Generally speaking, there are three categories that cannabis related business on the stock market fall into: cultivation companies like Canopy Growth Corp (CGC), Aurora Cannabis Inc.(ACB), with most of them supplying the Europe market; pharmaceutical companies like AbbieVie(ABBV), GW Pharmaceuticals(GWPH), and businesses facilitating supply chains of cannabis including GrowGeneration Corp(GRWG) and The Scotts Miracle Grow Company(SMG).

Despite the stock price boom in companies like Tiray, many investors have concerns that this “thematic” investing tends to attract a lot of passive funds, showing “bubble-like signs”, according to Financial Time columnists.
Insys Therapeutics (INSYS) a pharmaceutical company with its drug approved by FDA in 2016 and listed on Nasdaq, saw its share drop from $44 to $4 in two years.

Undoubtedly, this industry is expanding, and the CEO of cannabis producer Canopy Growth Corp believes that many people still don’t realize how quickly it is growing. “I don’t think it’s appreciated yet how quickly things are opening up in Europe, Latin America, and even likely the US”, said the CEO of the company with presence in 11 countries including Denmark, Germany and Czech Republic, with 10% of sale in the last quarter coming from thousands of Germany pharmacies.

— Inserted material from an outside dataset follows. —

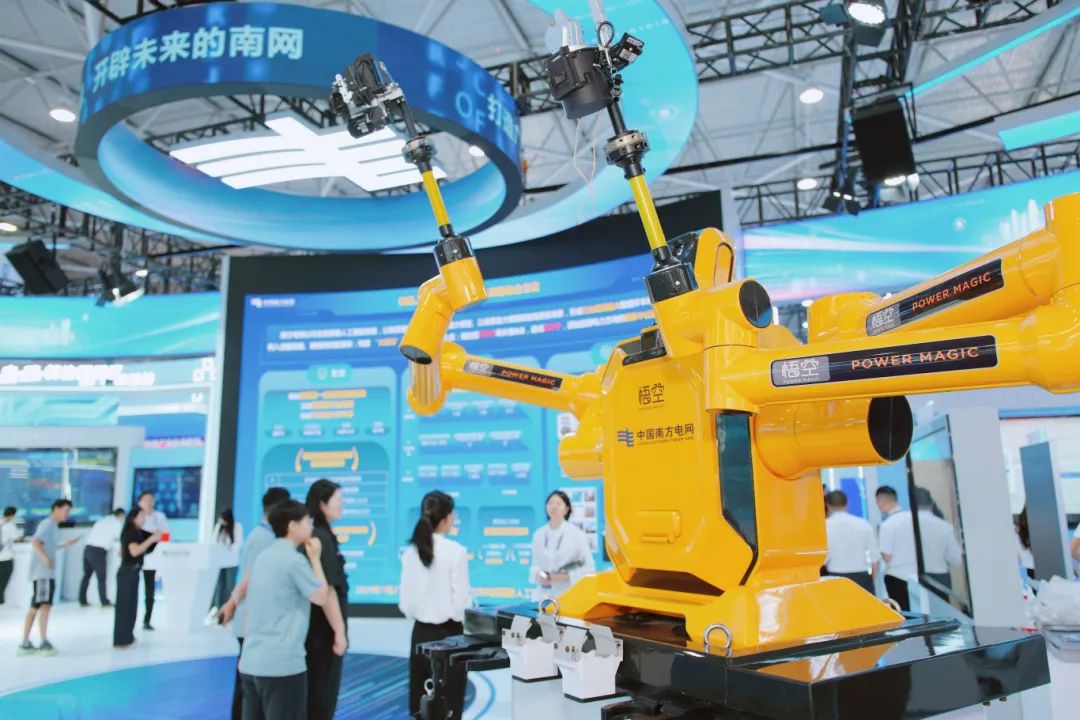 在數(shù)博會(huì)南網(wǎng)主展廳,“大瓦特”具身機(jī)器人和吠云組成的“機(jī)器人戰(zhàn)隊(duì)”亮相。(南網(wǎng)傳媒公司 供圖)

There might be more and more countries joining the league. Lebanon is looking to move into the cannabis growing industry recently and had McKinsey hired to make their economic plan. Cultivated in Bekaa Valley, they claim that their “quality we have is one of the best in the world”.

The industry’s spending in marijuana, both for medical or recreational use is heavily dependent on regulations. While the impending legalization in Canada is driving investments, only 9 states in the US allows recreational use and it is still classified as Schedule I drug at the federal level.

Cultural attitude is a major factor holding the investment back. From a 2016 study carried by Deloitte, 40% of US adult population favouring legalization, and similar has shown for Canada, making it difficult for political decisions.

It is definitely a new industry in a new era, challenging to both investors and policy makers. With the market flushed with penny stocks and everchanging regulations, it is hard for investors to identify the right companies in this new niche which is susceptible to frauds.